I'm happy now I have my pound of flesh. Or in this case, my 7.5oz.
Oh, I get it. The Jew butcher is ripping you off. Nice one. Doesn't reflect to well on your domestic economy if you couldn't tell until it was too late, though, does it?
I butchered that comeback, didn't I?
For instance, I said "to well" instead of "too well".
There's nobody butcher than Ben.
The "Pink" line from Vic's Sec (oh, yes, I just called it that) is not completely skanky. In fact, I'm so very not skanky, and the GF is sadly not as skanky as she could perhaps be in the undies dept, but we both get 90% of our underwear from the Pink line. (Seriously, five pairs for $25? Such a deal.)
Oh, and if they've got Cal undies? Totally buying them. I'm a little shocked they don't have any for Oregon State. 'Cuz THAT would be funny.
I dearly like thee, Doctor Fell,
The reason why I cannot tell;
But this I know, and know to well,
I dearly like thee, Doctor Fell.
The original apparently has a an interesting classics-related history.
Don't californicate the Beavers.
Evergreen State Geoducks. Where Sleater-Kinney came from.
I don't think I would want a geoduck anywhere near my beaver. Have you seen one? They're TERRIFYING. (I recommend the ep of Dirty Jobs where Mike Rowe does a stint as a geoduck farmer.)
Sleater and Kinney are not woman enough for a geoduck either.
16: I have some of their panties, too, but that doesn't mean that the entire *concept* of a "pink" line of VS shlock isn't skanky. Also low quality. But hey.
That setup's so easy, I cannot in good conscience take advantage of it.
Geoduck is a highly prized food item.
As carp should be, but aren't.
Mazola is Canola, and Canola is Rape.
Victoria's Secret is uniformly awful. They hire hot models, though. But seriously, everything they make is horrible and overpriced.

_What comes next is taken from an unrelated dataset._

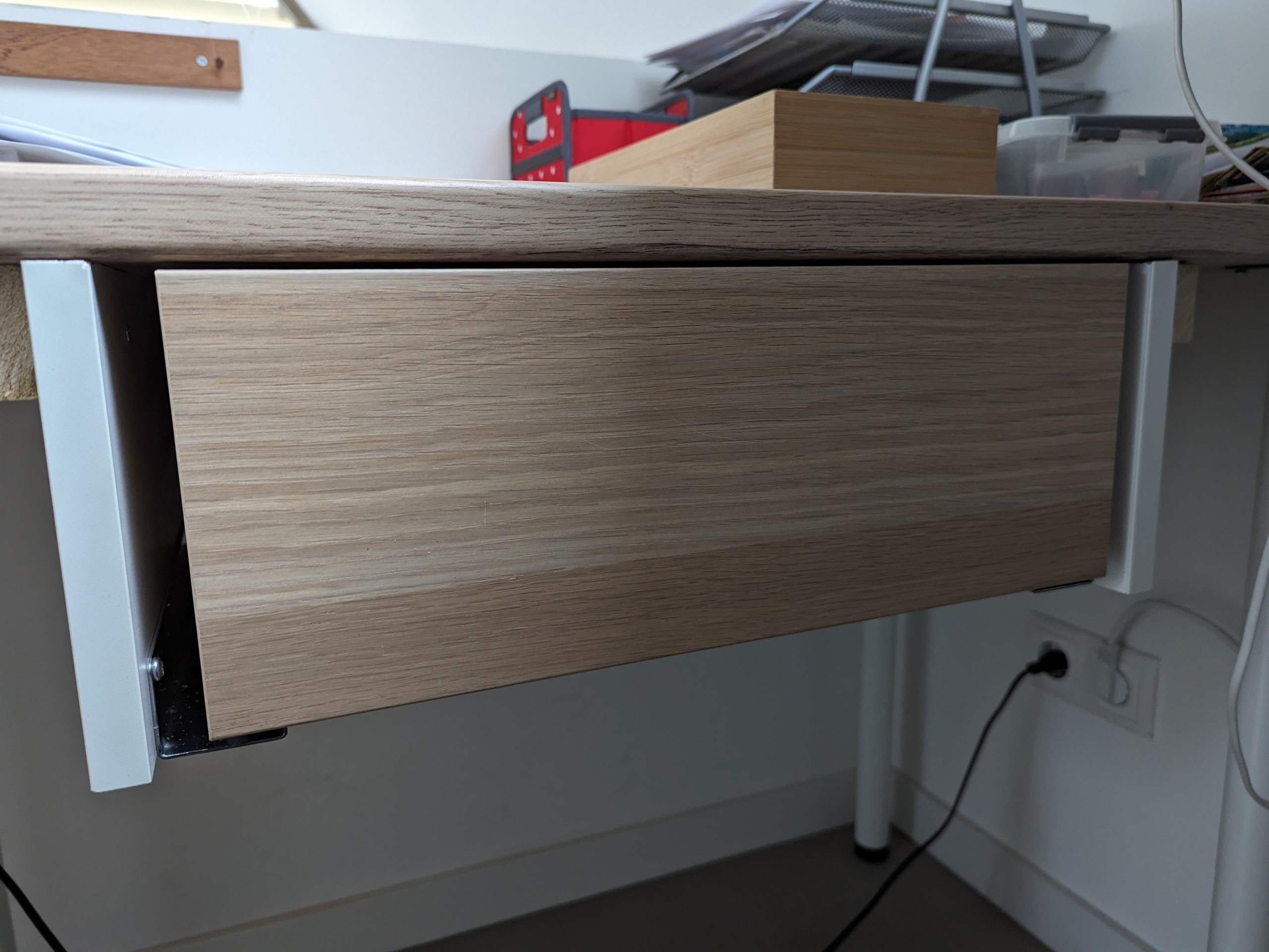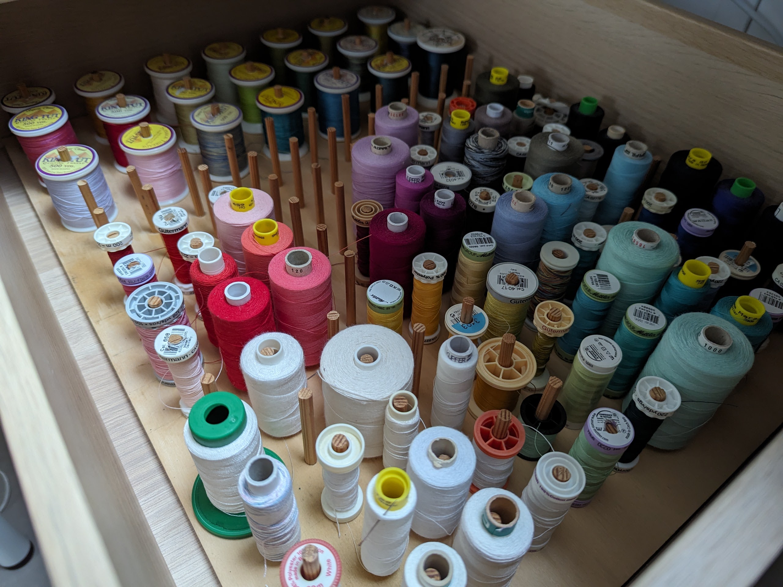 Mijn garenklosjes staan op een plank met pinnetjes, maar omdat ik geen plaats had in mijn hobbyhoekje schoof ik deze plank altijd onder het logeerbed, niet echt handig. Nu heb ik gelukkig wel een handige man die hiervoor een oplossing bedacht. Hij bevestigde een lade van Ikea onder mijn werkblad, zaagde een stukje van de plank af zodat hij er in past en voilà, reuze handig direct naast de naaimachine.

Re: "Holy crap, how embarrassing for Berkeley. Posted by: bitchphd | Link to this comment | 06-23-08 8:21 PM"
So I should abandon my ineffectual academic procedural liberal drive against John Yoo and focus instead on stamping out the menace of Pink-line VS underpants?
gnoLeD darB
I blame Victoria's Secret for the prevalence of those ghastly foam-moulded bras.

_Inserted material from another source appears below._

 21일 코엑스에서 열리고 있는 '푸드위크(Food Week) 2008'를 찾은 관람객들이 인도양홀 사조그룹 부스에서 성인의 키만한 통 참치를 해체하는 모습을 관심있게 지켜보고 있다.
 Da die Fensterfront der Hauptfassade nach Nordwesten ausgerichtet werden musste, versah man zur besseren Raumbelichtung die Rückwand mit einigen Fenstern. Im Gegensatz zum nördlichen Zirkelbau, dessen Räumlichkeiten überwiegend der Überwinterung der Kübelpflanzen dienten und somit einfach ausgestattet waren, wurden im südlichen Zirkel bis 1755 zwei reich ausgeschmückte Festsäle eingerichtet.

I'm with the mormon and the heebster. Overpriced panties that rip, bras that do not fit, bleh.
And the four hundred daily catalogs they send you, all with this weirdly rehashed clothes that looks new-but-dated.
the VS models also look scarily young. I keep thinking I am being set up.

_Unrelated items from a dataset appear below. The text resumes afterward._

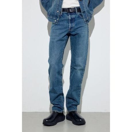 ■AZUL DENIM ベーシックストレート■ポイント定番のベーシックストレートデニムです。■ディテール程よい腰まわりと真っ直ぐ落ちるレッグラインでどんなトップスにも合わせやすく、インディゴとブラックで表情を使い分け可能。過度な加工を抑えたミニマルなデザインで長く愛用できる一本です。サイズは28/30/32/34インチの4サイズ展開で、幅広い体型に対応可能。標準的なポケット配置やベルトループ、しっかりした縫製により耐久性が高く、着用と洗濯で出る自然な経年変化も特徴です。■スタイリングカジュアルにはTシャツ+スニーカーで定番コーディネートに。シャツやニットを合わせればきれいめカジュアルに。BLUは洗いの効いたカジュアル寄り、BLKはモノトーンで引き締めたい時に便利です。ブーツやローファーで足元を変えれば印象が替わり、ロールアップで軽さを出すのもおすすめ。同素材のサードタイプデニムジャケットとのセットアップがおすすめです。■生地BLUは13ozインディゴ、BLKは12ozブラックデニムを使用。透け感:なし裏 地:なし伸縮性:なし光沢感:なし[注意事項]※画像の商品はサンプルです。実際の商品と仕様、加工が若干異なる場合があります。※画像の商品は光の照射や角度、お使いのモニター環境により、実物と色味が異なる場合がございます。※着用、お取り扱いの際は、アテンションタグをご確認ください。
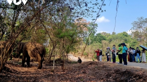 (VOVWORLD) - 관광객들이 닥락(Đắk Lắk)성 부온돈(Buôn Đôn현 욕돈(Yok Đôn) 국립공원에 가면 숲에서 코끼리의 일상 생활을 지켜보면서 코끼리가 먹고 마시고 목욕하고 숲에서 산책하는 모습을 멀리서 구경할 수 있다. 이것은 거의 6년 동안 욕돈 국립공원에서 전개하고 있는 코끼리 친화 여행 프로그램 활동이다.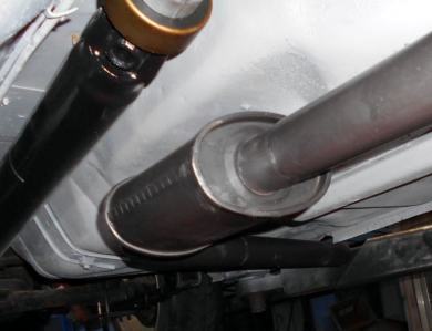 昭和のマフラーです。21世紀マフラーと比較しないように、コレはコレで味が有ると思い込んで下さい(笑) 今回のサイドマフラー製作コンセプトは、将来的にTS110サニー用ワンオフステンタコ足&マフラー製作・取り付けするメカが作業し易いよう、可能な限りボディー側に余計な加工・改造を行わずにやってあります、それと ストリート仕様ですから安価にを最優先しました。 |

John Yoo vs. the assorted Hoovers, can one bad apple outdamage a bevy of loosely associated assclowns?
Their catalogue clothes are puzzlingly awful: made out of cheap, cheap cotton/poly, cut with an almost prudish lack of fashion, but packaged to be slinky or sluttish or "fun." Even on the ridiculously hot models, the clothes look sort of backwoods-hoochie-momma.
If not VS, where should my wife be getting high-quality skanky slinky sluttish starts-with-an-s underthings, then?
I'm mostly asking for my wife's boyfriend's benefit, FWIW. Also, she much prefers shopping online to in the real world.
That Pink line is one of the standard fashion strategies amongst the undergrads here at Sunny State. Sort of Loungewear a la Louche.
gnoLeD darB
At first I thought this was an anagram for "Golden Bear".
That Pink line is one of the standard fashion strategies amongst the undergrads here at Sunny State.
Because of the forty hundred catalogs that normalize the bizarro clothing. Otherwise they would be shopping at Hot Topic like good little college students.
The Yoo lines consists entirely of hoodies.
If not VS, where should my wife be getting high-quality skanky slinky sluttish starts-with-an-s underthings, then?
La Perla.
50: Does anyone know if la perla in Italian is used as a euphemism in Italian the same way it is used in Spanish?
I expected someone to note that a Lady Longhorn is the star of the set-piece advertisement. That collection has been hooked.
If not VS, where should my wife be getting high-quality skanky slinky sluttish starts-with-an-s underthings, then?
ONline? Figleaves. Buy decent brands. Depending on her size, low-price (but still acceptably decent quality, plus cute, etc.) maybe Felina. High end? If she's the practical sort and wants things that are sexy, but also actually *wearable*, Chantelle. If sexy is the issue and wearable isn't, then yes: La Perla and other things in that range.
54: Oh dear lord, woman. Cute selection at each or those, but are you made of money?
Backwoods-hoochie-momma.
Hey! Elitist.
53: That collection has been hooked.
Maidenform got there first a long time ago. (At least in terms of taking the bull by the short horns.)
55: The trick with figleaves is to watch for sales, as they do have 50% off sales fairly regularly.